Defiance Royale: Abbess of the Capitol City Sisters
The Sisters of Perpetual Indulgence attend local events and promote queer visibility—we talked with Abbess Defiance Royale about the Sacramento order.
If you’ve ever been to an LGBT-related event in Sacramento, chances are you’ve caught a glimpse of the Capitol City Sisters. Donning religious-inspired garb, heavy white makeup and glamorous glitter beards, they have a tendency to turn heads. More than just dragged-up nuns though, the Sisters are a nonprofit organization that seeks to spread love, communicate safe-sex practices and promote queer visibility. They are one of many houses stemming from the San Francisco-based Sisters of Perpetual Indulgence, the original queer order of nuns founded in 1979. While a couple of attempts were made to form a chapter in Sacramento, it wasn’t until 2013 that a fully professed house took off. Initially founded by five members, it’s gone through some flux, but community interest and membership has started to grow. With the purpose of building up the community around them, the Sisters have raised money for several locally based institutions, including the Lavender Library, Sunburst Projects and the River City Food Bank. SN&R chatted with Abbess Defiance Royale, one of the founding members and the director of the nonprofit group, to learn more about the Sisters and their role in the community.
What is the mission of the Sisters?To promulgate joy and expiate stigmatic guilt. We commit ourselves to public service, loyalty and devotion to our house, our sisters, to the Order as a whole and to the community that we serve. It’s fun to glam up and throw jewels and makeup and crazy costumes on and go out there and have a good time, but that’s not the point. The point is that we are out there to communicate a message: If we can do all this craziness and manifest—when we put on the face and go out into the community, we call that “manifesting”—if we can put all this on and put ourselves out there in the community like that, then you can be whatever you are. You can manifest your real and true self out there in the community without shame, without guilt and without reservation.
Why did you decide to be a Sister?
I was really frustrated by the [LGBT] community in Sacramento because it was very, very segregated … I wanted to do something. I wanted to be involved in the Sacramento community somewhere, but I couldn’t find a place where I fit. I’m not a leather person. Physically, I’m kind of a bear but I just didn’t want to hang out at the Bolt every night; there’s more to life than that. I’m not a drag queen, I’m never gonna fit in with the [Imperial] Court, but I can as a sister. I can do all of those things as Sister Defiance Royale.

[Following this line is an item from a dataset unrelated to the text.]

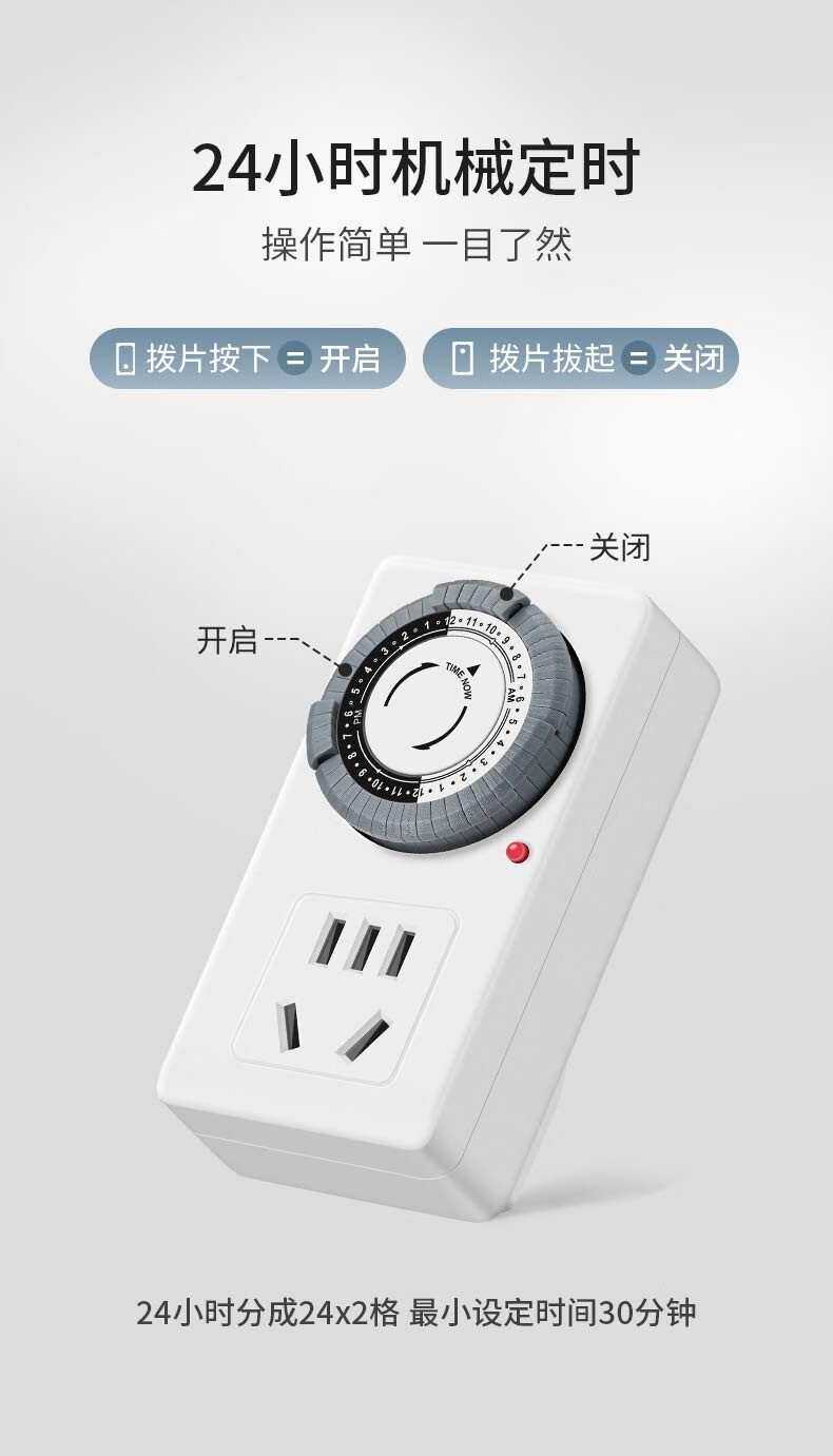 DELIXI (DELIXI) national standard mechanical timer socket mobile phone charging anti-overcharging power strip/socket/socket 12h model mechanical timing
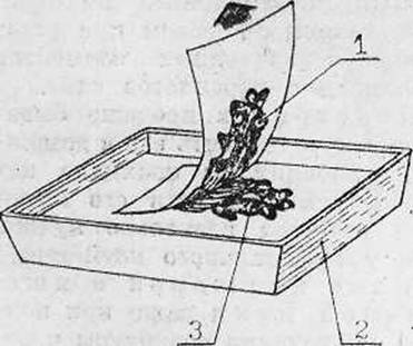 Рис. 17. Изготовление «мраморной» бумаги: 1 – лист бумаги; 2 – кювета с водой; 3 – краска на водной поверхности

It created a venue for me to be able to interact with everybody … At the same time, it gave us as a group the opportunity to reach out to these groups to build a little bit more community and participate in each other’s events.
What’s the origin of your name?
I was talking to somebody at work one day, and purple is my favorite color, and we were talking about purple, and she was like, “Yeah, that’s the color of defiance! The color of royalty,” and this and that, naming off different attributes of the color purple and I thought, huh, “Defiance Royale.” That name just sort of came.
What types of events do the Sisters put on?
We recently started what we’re calling “Sister Social.” It’s geared toward the working professional. That’s sort of the target audience. People that work at the Capitol, the state workers, the professional crowd. They may not want to go hang out at the bar, but if you put on a cocktail party they’ll come. … It’s a social thing, and it’s also a fundraiser for a designated charity. … Another event that we’ve done every year is a summertime event called “Chunky Dunk.” We rent out one of the city pools for the night and we host our own private party. It’s intended to be a body positive event where, regardless of who you are and what you look like, you can come out to the pool and you can have a good time.
What’s the religious connection about?
The original Sisters took on this persona as a joke to begin with, but they maintained it because of, for lack of a better word, the torture that the Church has promulgated on the LGBT community since forever. Just like a lot of people have reclaimed the word “queer” and made it their own, the Sisters did the same thing with this religious iconography.
What’s most rewarding about being a Sister?
I think it’s the same answer as to why I became a nurse—in my real life I’m a registered nurse. I get to see a difference made in not only the community as a whole because of the work that the Sisters do, but all the way down to the individual. I can’t tell you how many times I’ve had somebody come up to me while I was in face and just spill their guts. They need someone to hear them. They need someone to not judge them for whatever it is that’s on their heart, and just to listen and offer some comfort. If I can take that burden off of somebody for a few minutes, and they can feel better and laugh and have a good time with the Sisters and forget about all that baggage that has been weighing on them all week long, then you see that burden lift off these people when they interact with us.